#### EXERCISE INPUTS:

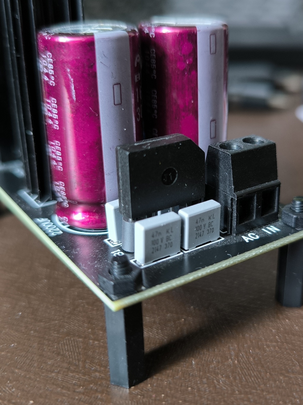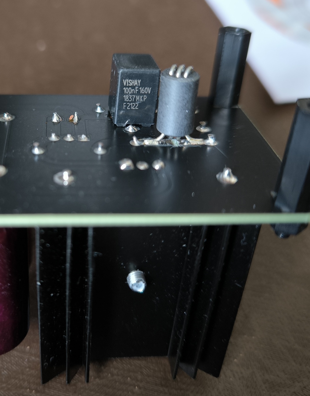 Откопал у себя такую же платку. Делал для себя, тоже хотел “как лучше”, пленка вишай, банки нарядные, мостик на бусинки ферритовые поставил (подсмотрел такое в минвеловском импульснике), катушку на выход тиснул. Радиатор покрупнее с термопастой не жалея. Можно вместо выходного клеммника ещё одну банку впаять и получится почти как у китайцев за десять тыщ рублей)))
...
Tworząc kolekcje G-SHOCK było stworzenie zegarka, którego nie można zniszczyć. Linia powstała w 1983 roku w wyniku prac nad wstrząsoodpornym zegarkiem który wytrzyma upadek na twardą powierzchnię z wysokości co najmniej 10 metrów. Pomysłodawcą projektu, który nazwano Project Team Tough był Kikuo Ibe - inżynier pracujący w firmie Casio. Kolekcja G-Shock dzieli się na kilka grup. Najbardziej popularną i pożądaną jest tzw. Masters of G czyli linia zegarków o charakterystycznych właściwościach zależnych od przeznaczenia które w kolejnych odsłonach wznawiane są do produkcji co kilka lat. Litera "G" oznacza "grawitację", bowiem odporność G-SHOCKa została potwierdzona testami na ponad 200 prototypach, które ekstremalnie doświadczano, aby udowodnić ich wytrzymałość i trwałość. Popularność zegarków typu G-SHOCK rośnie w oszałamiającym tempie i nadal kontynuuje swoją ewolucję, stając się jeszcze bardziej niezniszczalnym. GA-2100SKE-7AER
* * *
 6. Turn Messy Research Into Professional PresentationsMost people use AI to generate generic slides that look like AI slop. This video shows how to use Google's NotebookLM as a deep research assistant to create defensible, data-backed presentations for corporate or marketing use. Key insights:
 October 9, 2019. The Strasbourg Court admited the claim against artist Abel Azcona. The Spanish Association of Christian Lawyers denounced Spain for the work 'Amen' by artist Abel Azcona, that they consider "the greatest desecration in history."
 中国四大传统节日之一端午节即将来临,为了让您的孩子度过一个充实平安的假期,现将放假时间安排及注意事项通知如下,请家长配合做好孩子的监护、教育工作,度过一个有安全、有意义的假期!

#### WORK REQUEST:
Copy whichever lines in the listing above hold "that".

#### ANSWER TO THE EXERCISE:
 6. Turn Messy Research Into Professional PresentationsMost people use AI to generate generic slides that look like AI slop. This video shows how to use Google's NotebookLM as a deep research assistant to create defensible, data-backed presentations for corporate or marketing use. Key insights:
 October 9, 2019. The Strasbourg Court admited the claim against artist Abel Azcona. The Spanish Association of Christian Lawyers denounced Spain for the work 'Amen' by artist Abel Azcona, that they consider "the greatest desecration in history."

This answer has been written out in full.